About this task | Would you retype, word for word, the line with "Как видно на п" and each line after it to the end of the entries below, leaving the pictures out?

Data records
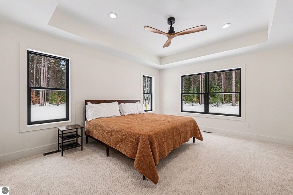 A brand new development on Karnes Road offering large lots with rolling terrain, wooded tree lines, and beautiful country views. 15 minutes from Glen Arbor and in the Glen Lake school district, rare opportunity to purchase a new construction home in this area. This listing is for a to-be-built modern ranch. 1,940 sq ft with 3 bedrooms and 2 full bathrooms on the main level, an unfinished basement, and a two-stall garage. This lot is 5 acres, though this home plan can be built on any of our available lots. We also have additional home plans to choose from. Contact us to learn more. Note: photos are a combination of renders and finished homes by Northworks Builders. Seller is a licensed Realtor in the State of Michigan.
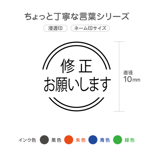 修正お願いします ちょっと丁寧な言葉のスタンプ 直径10mm ネーム印サイズ
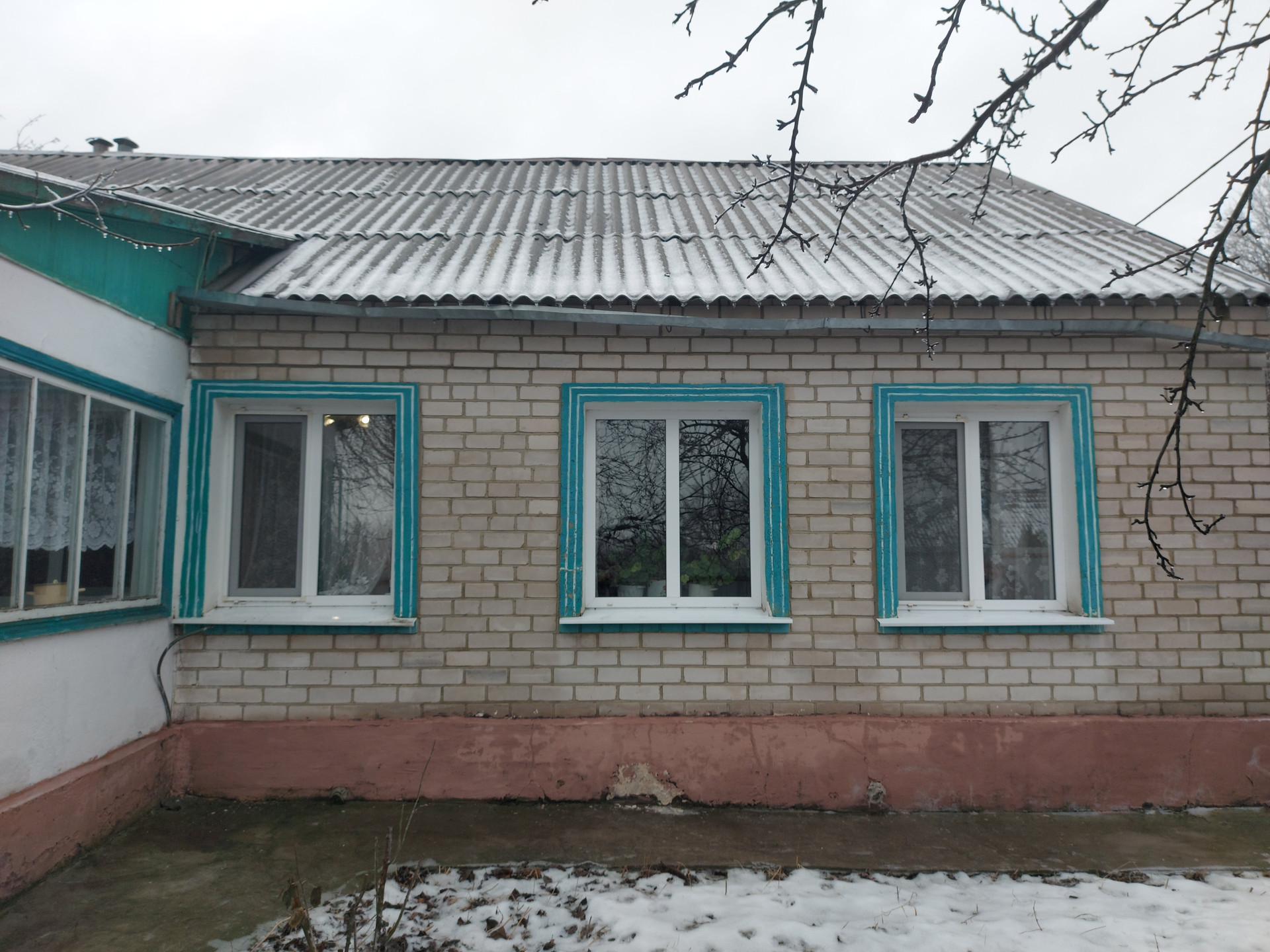 Как видно на плане : в доме три комнаты и просторная кухня, прихожая, совместный санузел, по всему дому установлены пластиковые окна, входная металлическая дверь.
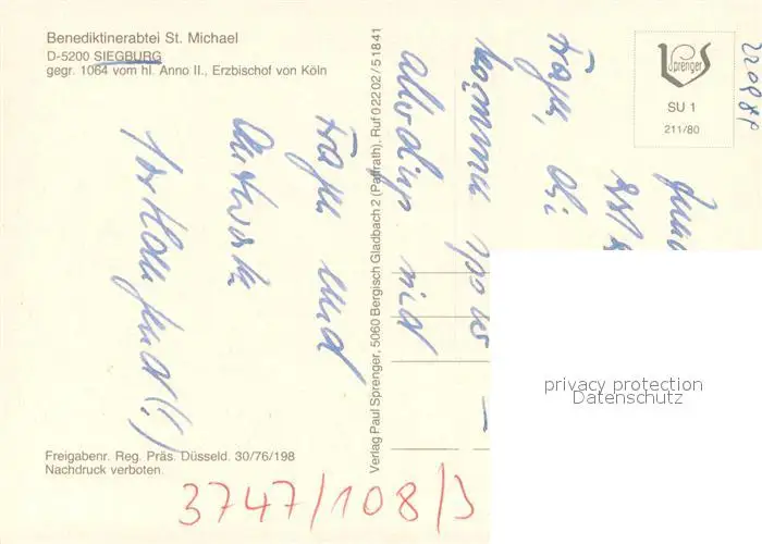 Siegburg Benediktinerabtei St. Michael Michaelsberg Siegburg postalisch nicht gelaufen 1980 Fliegeraufnahme Erhaltung siehe scans [FriedD77] Fliegeraufnahme Frierer
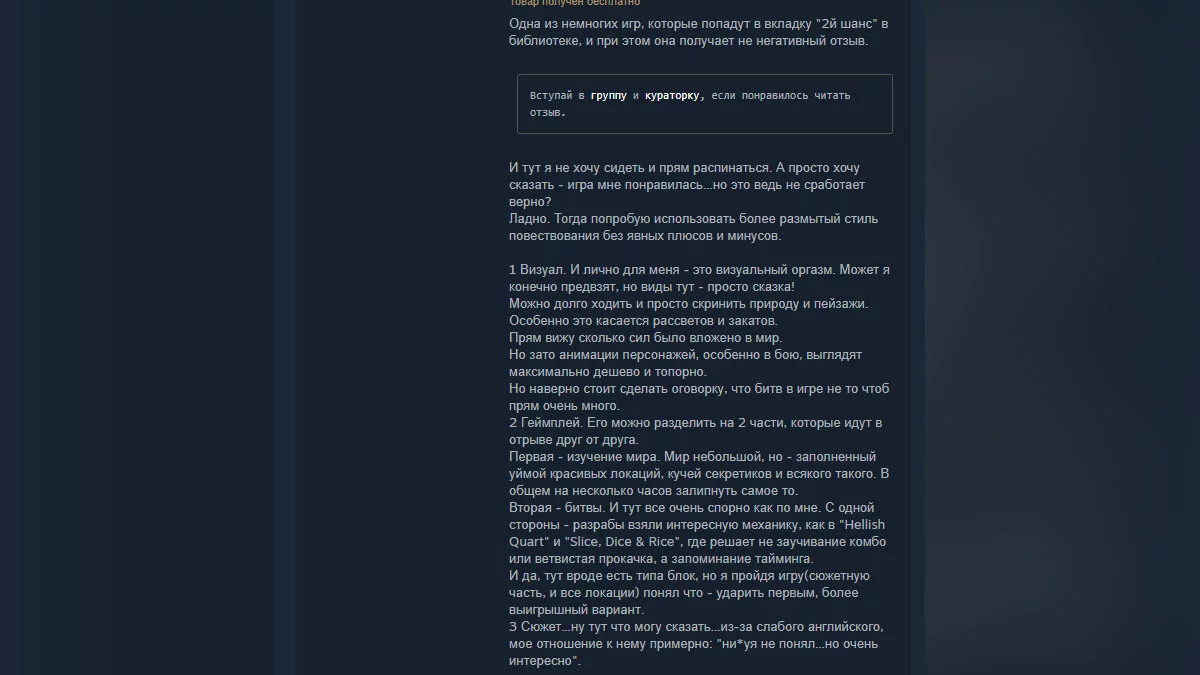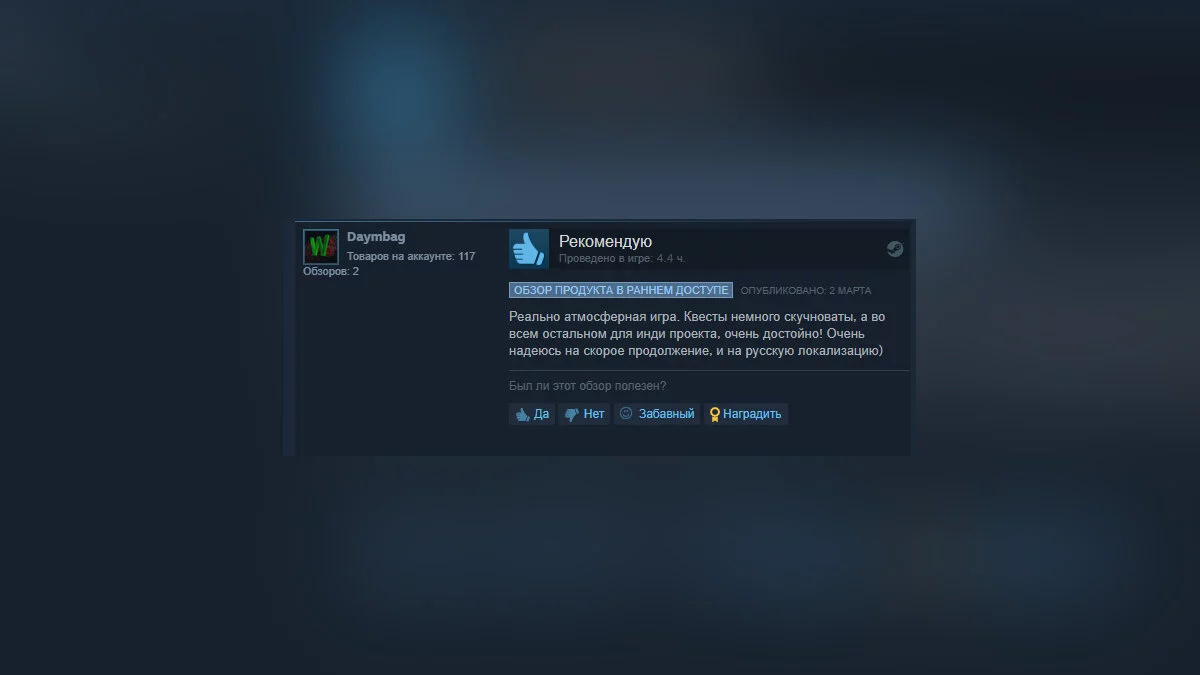 Игра получила свыше ста положительных отзывов. На момент написания новости ее рейтинг составляет 90%.

Answer space |
 Как видно на плане : в доме три комнаты и просторная кухня, прихожая, совместный санузел, по всему дому установлены пластиковые окна, входная металлическая дверь.
 Siegburg Benediktinerabtei St. Michael Michaelsberg Siegburg postalisch nicht gelaufen 1980 Fliegeraufnahme Erhaltung siehe scans [FriedD77] Fliegeraufnahme Frierer
 Игра получила свыше ста положительных отзывов. На момент написания новости ее рейтинг составляет 90%.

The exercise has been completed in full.